I survived those years because God was merciful. I was quite
rebellious, but not ‘bad‘. I did not drink much, or party hearty, and I did not give in to immorality. But when you live for self, and follow the ways of the world, if Jesus lives within you He will prompt you with His presence so that you know some things are truly off limits. I guess that’s why I always knew God had not left me…but I had tried to leave Him.
Looking back now, I see clearly that God was always there. He protected me in obvious ways. I went places nice girls should not go. I hung out with those who scare me today! I took part in activities that were not of God.

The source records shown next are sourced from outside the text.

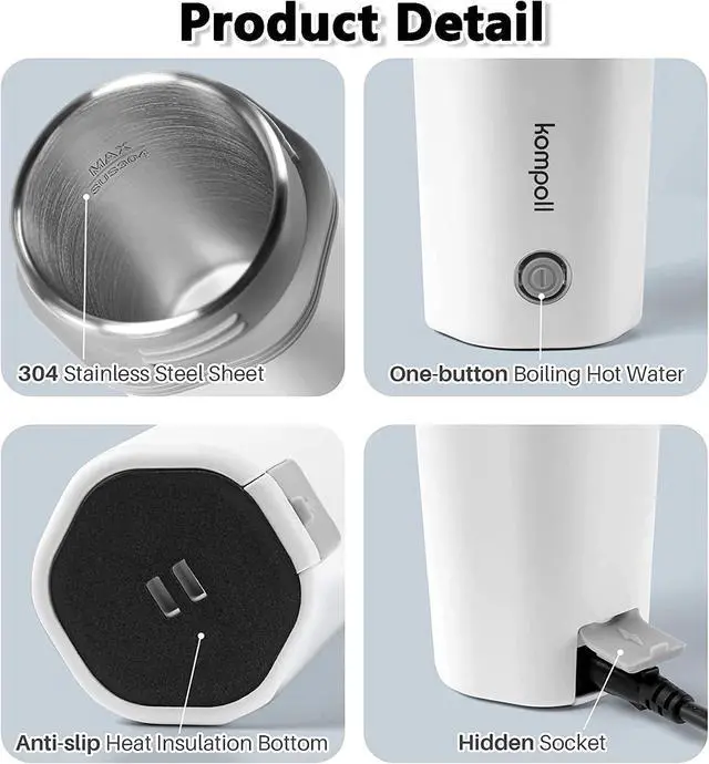 Mini Hot Water Boiler, 5 Minutes Fast Boiling Water - Our Portable Electric Travel Kettle brought the water to a boil in under 5 minutes!! It' s a way to get easy access to hot water. You can make hot water anywhere when there is a electric socket. Highly recommended for anyone who travels frequently or great for staying in hostels or hotels.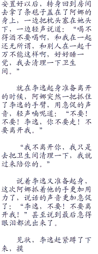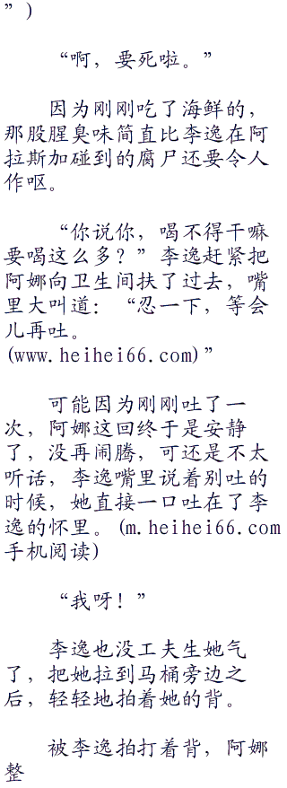 “老板,开玩笑的,不要!不要!你这什么酒品啊,不行还要逞强。”李逸一边去扶阿娜,一边向老板大叫着结账。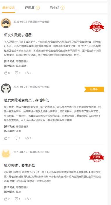 作为全国连锁的碧莲盛,也被认作是行业头部玩家,我们在黑猫投诉上也看到不少关于其的投诉内容。投诉方向包括欺骗消费者、退款问题、虚假宣传,有消费者反映自己观察植发区没有长出头发来,术后去院部做毛囊检测毛囊成活率低,说好的医生并没有给自己做手术,到头来换大夫了。还有反映售后问题的,由于身体原因无法进行手术,迟迟不肯退款的。整个看下来大部分其实还是集中在植发失败上面。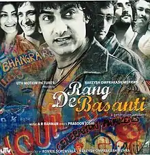 The soundtrack to the 2006 film Rang De Basanti was released by Sony Music Entertainment on 8 December 2005 and had its music composed by A. R. Rahman and lyrics in Hindi and English by Prasoon Joshi and rapper Blaaze.[1][2] The title track was used at a flash mob at Chhatrapati Shivaji Terminus in Mumbai on 27 November 2011 in honour of those who died in the 26/11 attack.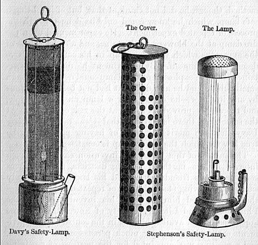 Frequency of colliery explosions—Accident in the Killingworth Pit—Stephenson’s heroic conduct—A safety-lamp described—Dr. Clanny’s lamp—Stephenson’s experiments on fire-damp—Designs a lamp, and tests it in the pit—Cottage experiments with coal-gas—Stephenson’s second and third lamps—The Stephenson and Davy controversy—Scene at the Newcastle Institute—The Davy testimonial—The Stephenson testimonial—Merits of the “Geordy” lamp |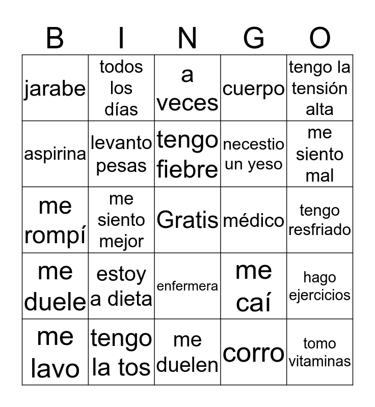 This bingo card has a free space and 24 words: estoy a dieta, tengo la tos, tengo fiebre, me lavo, tengo la tensión alta, jarabe, aspirina, todos los días, médico, enfermera, necestio un yeso, me rompí, me caí, hago ejercicios, levanto pesas, corro, tengo resfriado, a veces, me siento mal, me siento mejor, tomo vitaminas, me duele, cuerpo and me duelen.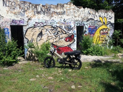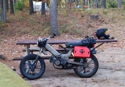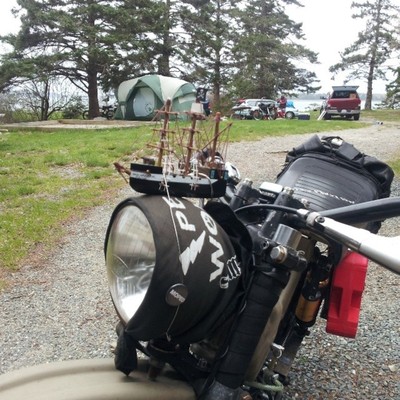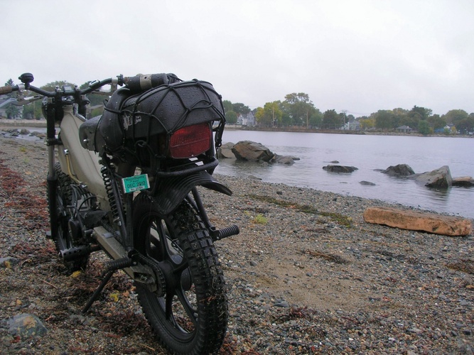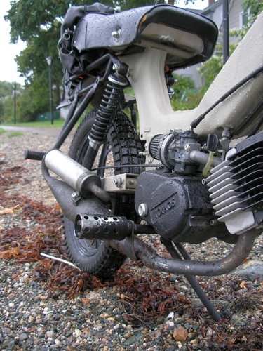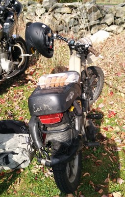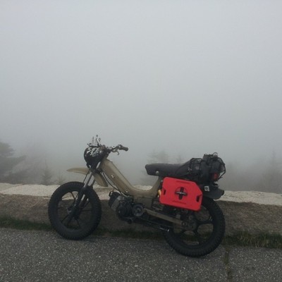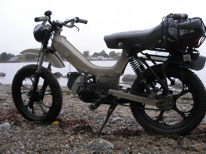 Built to be durable and then some. Originally a Mars project with box steel swingarm, motorcycle seat, campy euclid levers, and kx80 fork. I stripped it back to zero and added fresh paint, fender/mudflap, halogen spotlight, gas gauge, tranny fluid sight glass, bike computer, gear rack with pillion pegs, rock solid wiring system with waterproof switches and a much needed kickstand. Comfortable on and off road, night or day, good or shitty weather.

I am thankful His still, small voice was present. He kept me physically safe, and morally clean. He saw me home many nights when I was in harm‘s way. He kept my reputation in tact, though I deserved consequences. He didn’t leave me to face my rebellion alone.
That time did pass. All my parents taught me helped get me through, and without lasting scars. I married, had my kids, and outwardly lived the right way. But I still knew something was not quite right.
I know now that I was running. Running from God. He was after me, but I had that stubborn streak. I would do things my way, while displaying the ‘proper’ me outside. Inside I was rebelling. I was wife, mother, all I should be. But it was all for the wrong reasons.
When God pursues us, He is relentless. He does not cower, waiver, or back up. He may be quiet for a season, but He will continue on. He is always working, and that is for our good, and for His purposes. I walked down a path of misdirection. At the end of it, I found what I was looking for all those years…
I divorced. I supported my family. I went to school for more education. I got a good job. My life changed. I went to church, but was still living out of God’s will. Then one day the light came on. I don’t know the reason, the moment, or the catalyst; I just know that it all changed.
I saw, and my heart saw! I wondered why I had not seen what had been there my whole life. I thought of teachers who came to my home to try to save my education and opportunities. I was amazed at the juvenile officer who tracked me the days I skipped school to ride my horse, or to hang out with my ‘friends‘. He never meant me harm, but he did show by his pursuit that he cared.
As I walked blindly so long ago, I am amazed at the mercy that was mine. Grace when I almost lost a child to death; patience as I rebelled for ‘my way‘; strength as I tested the waters of life; love when I felt unloved; forgiveness, when my heart cried for release. I regret the times I denied Jesus, and the things I did just because I could. His love has shown me the path, the way, and the life. All because of Him do I live this day.
I was blind…I did not see…Calvary was in the background, a tribute to all Christ was and is and will be. I did not comprehend it. I did not get it that I was a sinner, saved only by Grace. It was not because of me, but a gift from God. Once we are in His hand, we can’t be taken from it. I found this in my life. I was safe and loved. His blood kept me from death. His blood is peace and freedom. His blood is the cure for a soul that walks in blindness and loss.
The words of the song should ring in our hearts with each breath. ‘Amazing Grace’. It is amazing. I was blind but now I see. Amen.